The debugger has three basic modes of operation. The first, and arguably the most common, is to analyse a core dump. The second, and almost as common, is to run a program in a controlled manner, stopping at certain points and stepping gradually through instructions. The third, which is not common but can be surprisingly useful, is to attach to a process which is already running, and take control of it.
A core dump is a copy, in a file, of everything a process had in memory at the time it generated the core dump. Generation of the dump typically happens if a process crashes with a segmentation fault or bus error. When a crash does occur, one of the first things you usually want to know is where the crash happened and the command for this is, surprisingly, 'where'. It gives what is called a stacktrace, which is a display of all the function calls that are on the stack. If the stack has been corrupted, it will not be of much help, but fortunately this doesn't happen often. Also, the stacktrace cannot give line numbers and other information if the program has not be compiled with debugging information.
To see how a stacktrace can be used, download this compressed tarfile and extract it (if you need
it, there is a page on tar here). If you type
make you should end up with an executable called
slen which is a program that uses a recursive algorithm to
calculate the length of a string. The program has a bug in it, and
will crash. Run the program, and then type something like
gdb
slen core
to begin analysis of the core dump (the core file
may have a different name). If you cannot find a core dump you may have
that resource limit set to 0. Use ulimit to change this
(unlimit or limit in a C-shell). Display a
stacktrace, and make sure you
understand what it shows. You will notice that it does not show much,
because the program has not been compiled with debugging
information. The easiest way to fix this is to add -g onto
the CFLAGS variable in the Makefile, type make clean and then
make again. Run the program again, and use gdb to analyse the
core dump again. This time, the stacktrace will show you the function
arguments, line numbers, and even the source code.
Notice that the program crashed on a very simple line, and that the error seems to be with the arguments that were passed to this call of the function. To see how this happened, you will need to inspect what was done before the function was called, which is in the function call one level up on the stack. Move into this function call with the command 'up' (the direction refers to an increase in frame number, even though the display of the stacktrace is upside down). The result of the command will be to show you exactly what was happening at the time the last function call was made, and the bug is here. To see some of the surrounding code, type 'list'. Don't worry if you can't see the bug yet.
Milestone: Extract the files from the tar archive, compile the program and reproduce the bug, showing your demonstrator the stack trace. Show that you know how to view different stack frames.
The next step is to edit the source file where the bug is because we may be ready to fix it or we may need to see more of the surrounding lines. The stacktrace always allows us to identify the function that we want to look at, and with debugging information we have a filename and a line number, but often while developing programs we don't have such specific information. When we want to look at a particular function in a very large project we may not know which file it is in, or where it is in that file. The solution is an index of functions called a tags file, and the utility ctags is the usual way of generating this.

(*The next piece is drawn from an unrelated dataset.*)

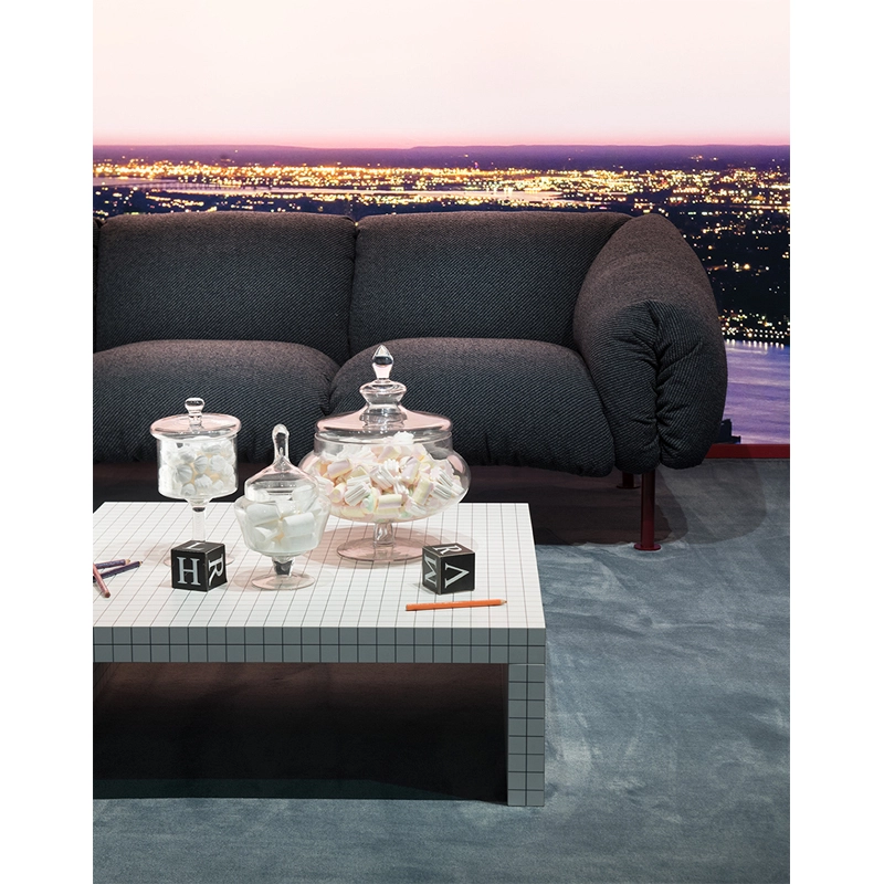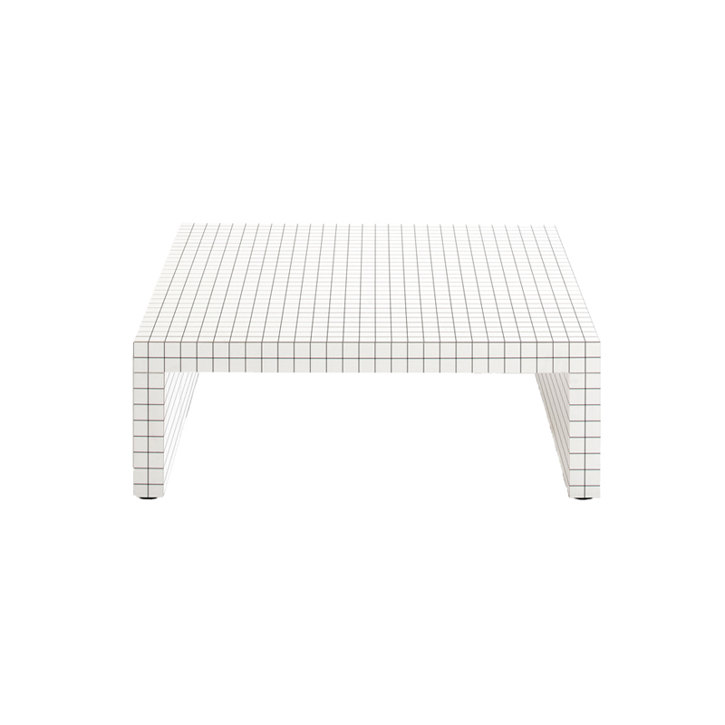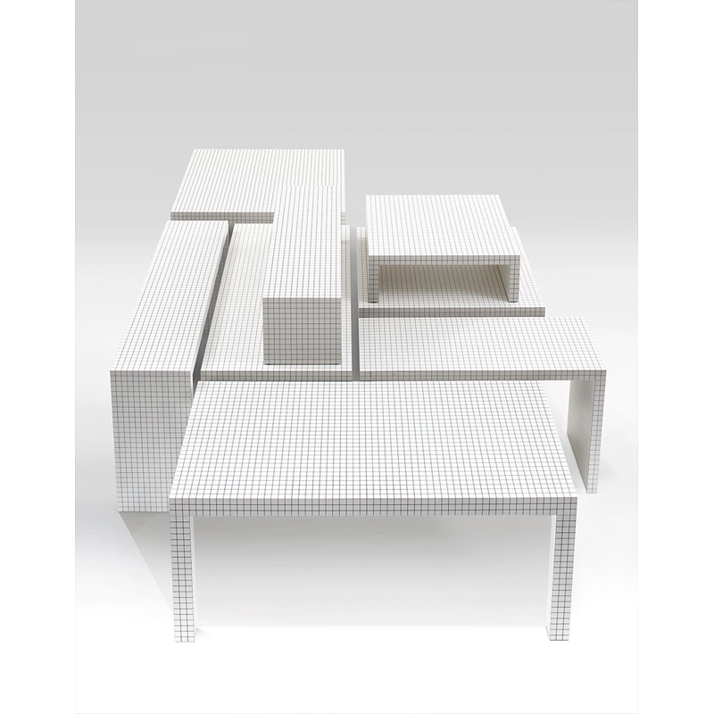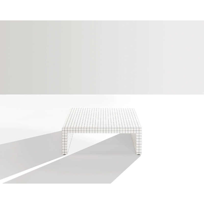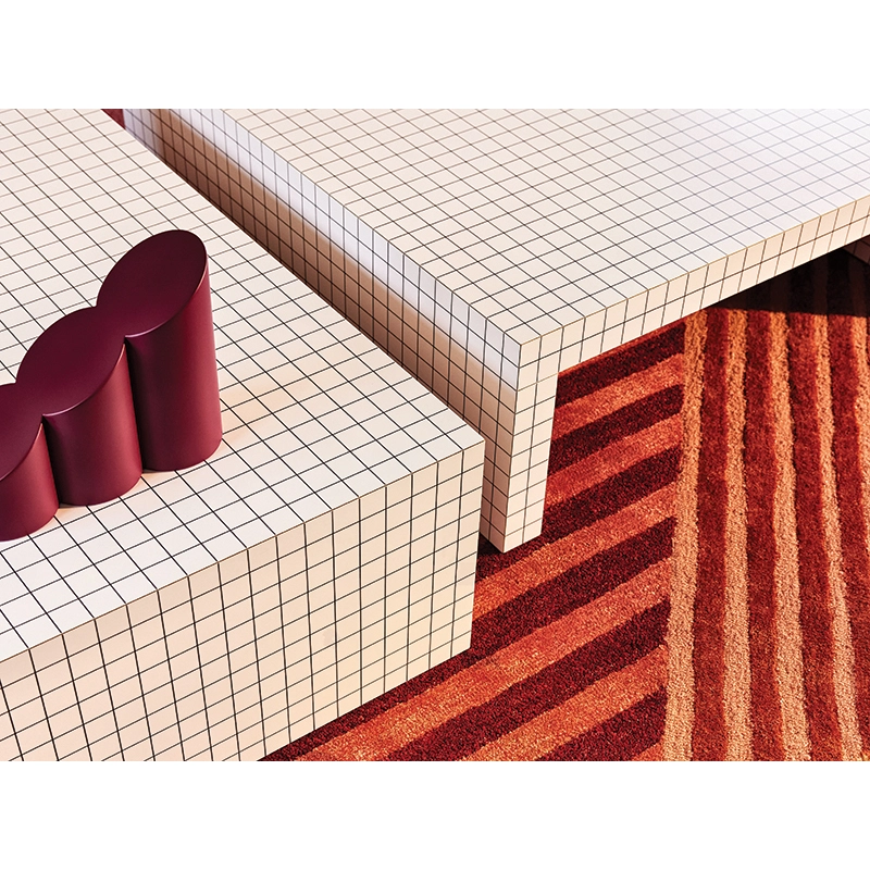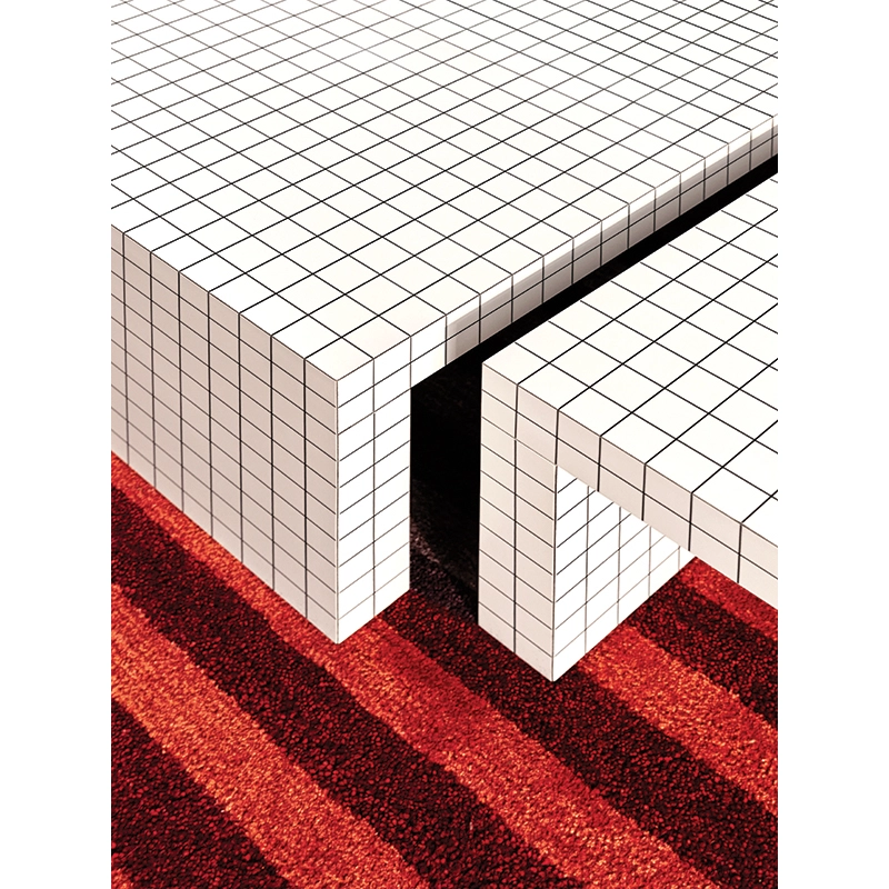 The products in the Quaderna collection are the result of a highly industrialised process and at the same time great craftsmanship. The tile laminate has been specially created based on Superstudio's design and features a 3 cm grid, produced using digital printing. This laminate is then applied by hand, requiring great precision and several hours of work for each piece. The convergence of the lines in the pattern creates a homogeneous surface, giving the furniture a strong personality.

Type make tags now, and a file called 'tags' will be
generated. This is the index, and it is worth looking at although you
don't need to understand it. It will not be very big since this is a
very small program. Once the tags file is generated, most editors can
use it to jump straight to the spot in the correct file for a
particular function. Exactly how you do this depends on the editor,
but using vi it is achieved with
vi -t
functionname
Try this now to get to the function we want to
debug.
Try to identify and fix the bug. A very large hint will be provided by the compiler if you remove the -w option from the CFLAGS variable, clean, and then rebuild again. The -w turns off GCC's standard warnings, and these are very useful. Many other warnings can be very helpful too, and you should look through the warning options that GCC supports. Once the bug is fixed, the program will not crash, but it will probably always give 0 as the length of the string. Fixing this takes us to the next mode of debugging.
Milestone: Show your demonstrator how you found the bug and fixed it.
Run the program again, and it will stop at the first line of main(). To proceed line by line, use the command 'next', but remember that when the gdb prompt is not there you will be typing input to the program instead. As you go, try using 'print' to show the value of a variable, particularly the input string, to make sure it is correct. It should only take a few nexts to finish the program, as main() is not very long, and you should find that the error is not in any of those lines.
What we need is to go through the program in such a way that we move into the function calls when they happen. For this, we use the command 'step' instead of 'next'. Run the program again, and this time use 'step'. Make sure your string is at least 3 characters long, and pay attention to the arguments of the function calls as you step. You will see the recursion reducing the length of the string each time. Also, you will see something wrong with the other argument. This is the bug that you need to fix, and the program should work completely after that.
Milestone: Show your demonstrator that you know how to run and step through a program using gdb.
As a quick demonstration of this ability, run the program normally,
not from the debugger, but do not type any input. This will make the
process wait. In a different window type ps, note the
number of the process that is running your program, and start the
debugger with
gdb slen PID
where PID is the process
number (Process ID) that you noted. The debugger will load the
program, and attach to the process running it, and will then behave as
if you had run the program inside the debugger to begin with.